The decline in global oil prices since 2014 has negatively impacted the revenues of Saudi Arabia, which has led the Saudi government to take steps to rationalize spending and diversify its sources of income to counter oil price fluctuations and their impact on the Kingdom's economy.

By the end of 2015, the Kingdom of Saudi Arabia announced its national vision «Vision 2030» to define the features of a radical and ambitious change in the economic and social situation in order to achieve priority economic objectives, foremost of which, is to reduce dependence on oil as a major source of income. It also launched the National Transformation Program 2020 and the Fiscal Balance Program, which aim to achieve budget balance by 2020 but have been updated to 2023.

The 2018 budget, which includes the actual financial results of 2017, was issued this week.

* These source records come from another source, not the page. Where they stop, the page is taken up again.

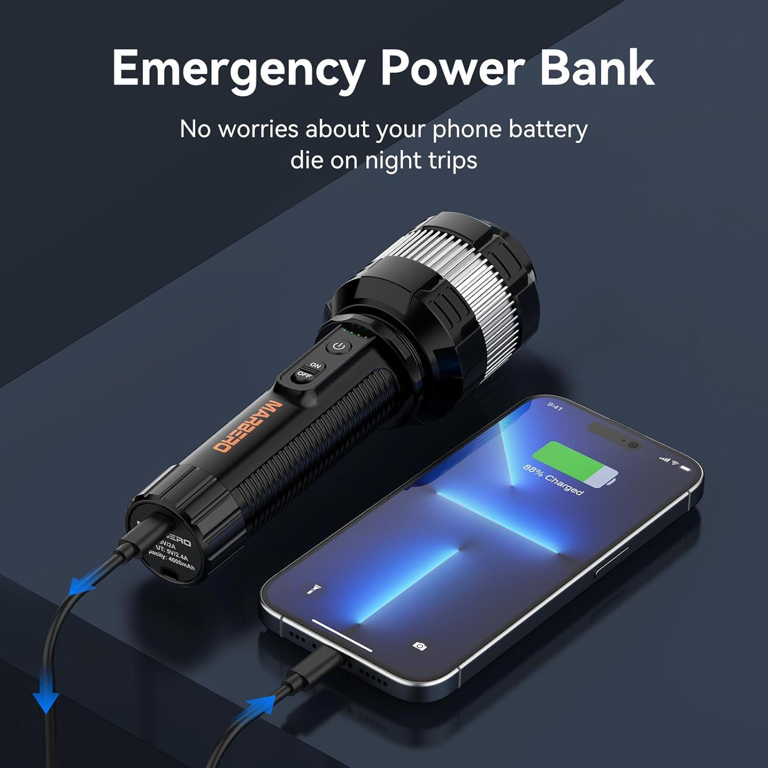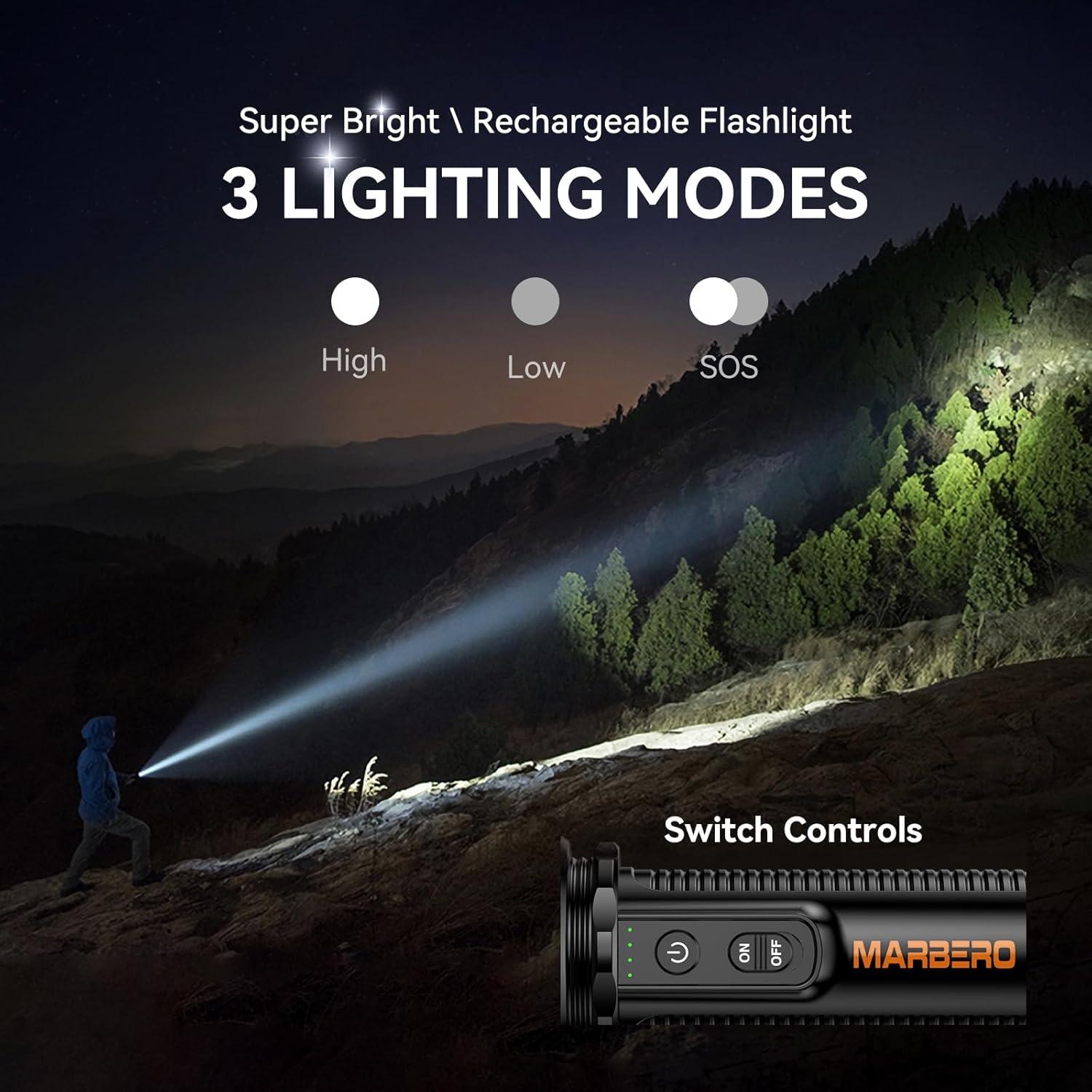 MARBERO 3 Modes Rechargeable LED Flashlight 4000mAh High Brightness Focused Beam Tactical Light Waterproof Portable Compact Flashlight for Hiking Camping Emergency Home Use
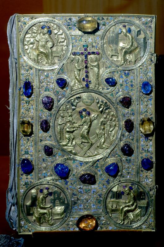 The book needs to have a big thick old bible kind of look with gems like its. Nprestigious old ook
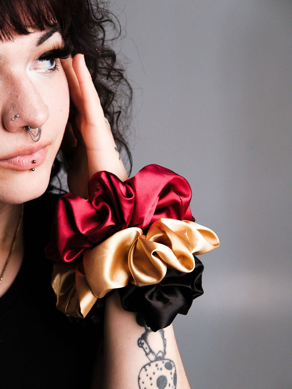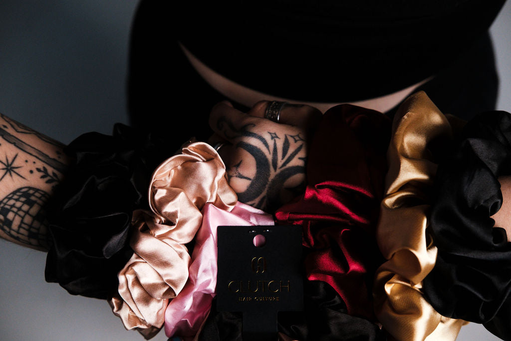 Introducing our Clutch Hair Culture Scrunchies – the ultimate trend in haircare! These luxurious scrunchies, perfect for both day and night, are made from premium satin to keep your hair secure without causing damage.
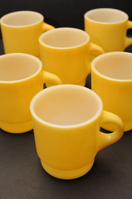 Title (ebay affiliate link): Set of 6 Stackable Fire-King AH Yellow C-Handle Coffee Mugs Cups Milk Glass
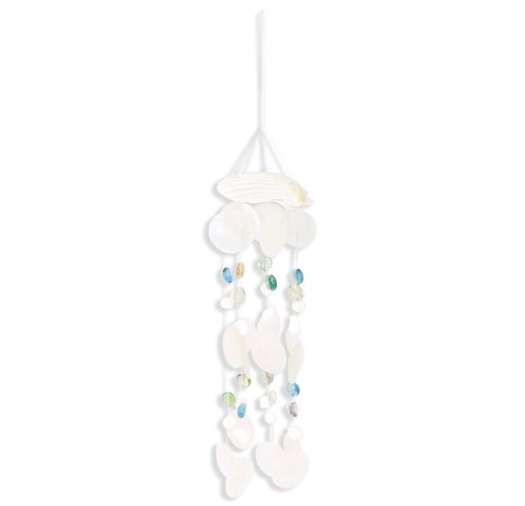 シェルとガラス玉を組み合わせた、見た目もさわやかなオーナメント。窓辺に飾ればキラキラと輝きます。
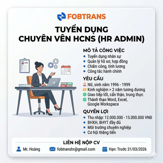 TUYỂN DỤNG CHUYÊN VIÊN HCNS (HR ADMIN) – FOBTRANS
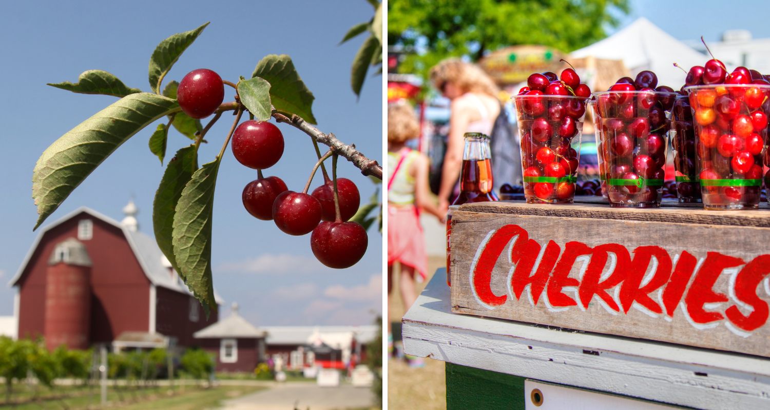 Bei Süßkirschen dominieren klassische dunkle Sorten wie Bing, sowie hellere, gelb‑rötliche Sorten wie Rainier. Süßkirschen werden vor allem im Westen der USA (Washington, Kalifornien, Oregon) angebaut. Dagegen stammen mehr als 60 Prozent der Sauerkirschernte allein aus Michigan. Die Gegend erwies sich als ideal für den Anbau von Kirschen, da der Michigansee im Winter die arktischen Winde mildert und die Obstgärten im Sommer abkühlt. Die hellfleischige Sorte Montmorency (in Europa gar nicht erhältlich) ist in Michigan die wichtigste Kirschart und gilt als typischer „American Pie“-Kirschtyp. Jedes Jahr im Juli findet das National Cherry Festival in der “Kirschhauptstadt der Welt” Traverse City, Michigan, statt.
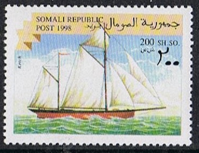 The 200 SH SO stamp of the Somali Republic depict a modern top-sail ketch rigged cargo vessel.

The Saudi economy recorded a slight contraction of 0.5% in real GDP, largely due to a drop in oil production.

The budget for 2018 is the largest in the Kingdom's history in terms of expenditure, with a 5.6% increase compared to 2017 to reach SR 978 billion. Education, Health, Hocial Development and Economic Resources sectors accounted for 45.3% of the total budget.

Non-oil revenues will witness an expected growth in 2018 of 13.7% to reach SR 291 billion following the introduction of Value Added Tax (VAT) , the second phase of the expatriate Levy, and a number of other initiatives and reforms.

In 2018, the Kingdom will continue to produce oil at around 10 BPD due to OPEC's agreement with non-OPEC producer countries. This will underpin the upward momentum of oil prices albeit at a slow pace and is expected to contribute to a rise in oil revenues to reach SR 492 billion.

The deficit is expected to reach SR 195 billion during 2018 financing the fiscal deficit will be covered by withdraws from government assets and debt issuances in local and international markets, limiting the risks on local liquidity levels.